T13E-03:
Effects of Damage Zone Permeability on Fluid Flow Within Gouge Zones During Earthquakes: Observations From Grain-Scale Numerical Models

Monday, 15 December 2014: 2:10 PM
Patrick Glass, Texas A & M University, College Station, TX, United States, David Walter Sparks, Texas A & M Univ, College Station, TX, United States, Einat Aharonov, Hebrew University of Jerusalem, Jerusalem, Israel, Liran Goren, Ben Gurion University of the Negev, Beer-Sheva, Israel and Renaud Toussaint, EOST, CNRS, Strasbourg, France
Abstract:
Slip on faults occurs within very fine–grained granular gouge created by the comminution of highly fractured country rock. Due to this process of fracturing and grinding into powder, the permeability within these gouge zones naturally varies across their width, with the gouge material having relatively low permeability compared to the surrounding damage zone of fractured rock. During shear, the movement of individual grains creates local transient dilations and compactions that generate variations in fluid pressure and gouge permeability. The resulting fluid circulation, controlled by differing permeabilities across the fault, may determine aspects of the evolution of slip, such as at what position individual shear bands will materialize.

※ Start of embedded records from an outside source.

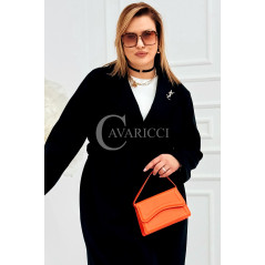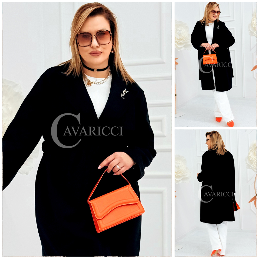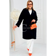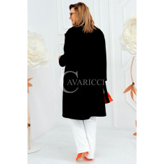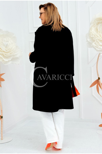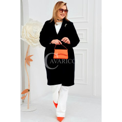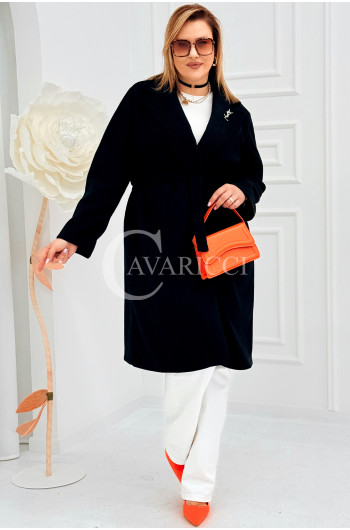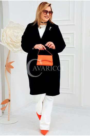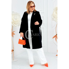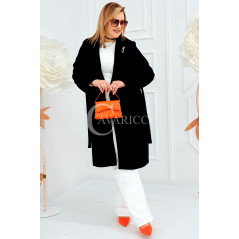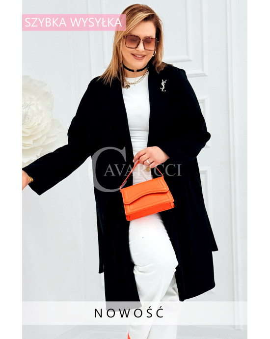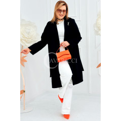 IRIS - Modny płaszcz wiosenny w kolorze czarnym z detalem premium broszką
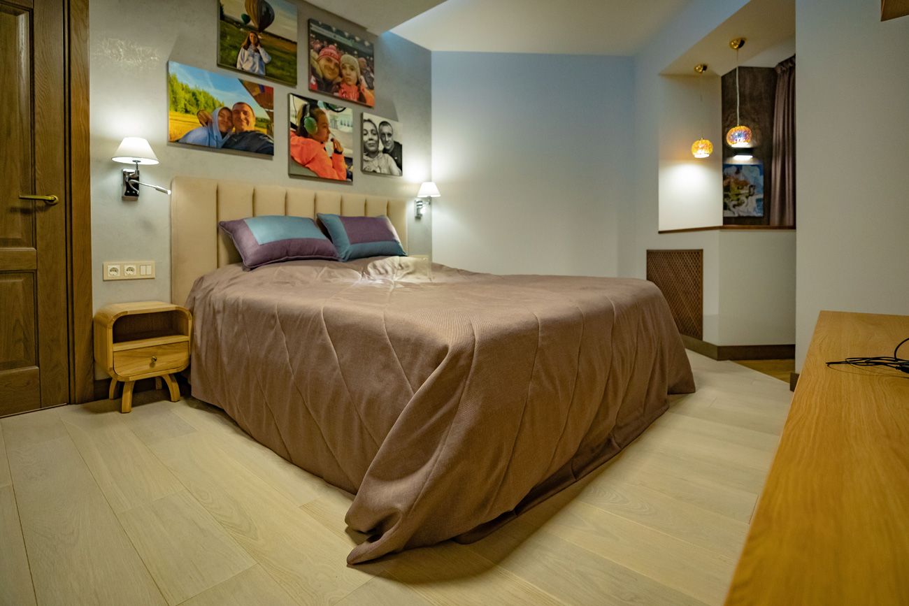 Для декора также использованы печать на деревянных досках и обработанные маслом портреты заказчика.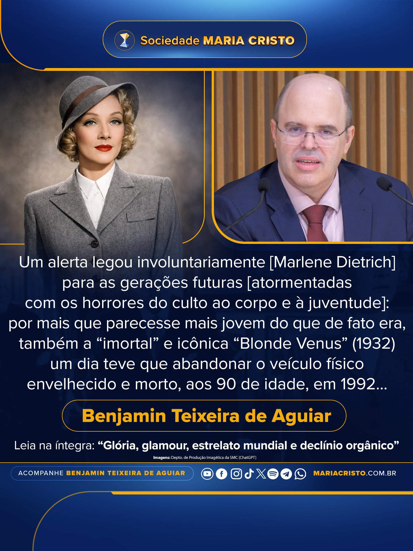 Um alerta legou involuntariamente para as gerações futuras: por mais que parecesse mais jovem do que de fato era, também a “imortal” e icônica “Blonde Venus” (1932) um dia teve que abandonar o veículo físico envelhecido e morto, aos 90 de idade, em 1992…

In order to investigate these phenomena, we extend the coupled discrete element / continuum numerical model of grain motion and fluid flow (Goren et al., 2011) to include fluid flow in the surrounding permeable fault block. We conducted numerical experiments with unconsolidated gouge confined between fault blocks. This system was held at a constant confining stress, and sheared at a constant rate similar to earthquake velocities (on the order of 1 m/s). We find that shear localizes into bands about 10 grains wide, and these bands prefer to form where they will create the least deviations in pressure, i.e. where permeability is highest. Preliminary results with a rigid, fixed-permeability fault block reveal a clear relationship between localization and fault block permeability. When the fault block has low permeability relative to the gouge, shear bands tend to form towards the interior of the gouge. When the fault block is more permeable, shear band formation tends to occur near the boundary between gouge and fault block. We see no further increase in boundary localization for fault block permeabilities on the order of 100 times the gouge permeability.

We will also present results from a version of the model in which the wall rock surrounding the gouge is an elastic/plastic damage zone created from cohesively bonded grains. This allows a greater degree of wall roughness, more lateral variability in wall stresses, and a heterogeneous and evolving damage zone permeability.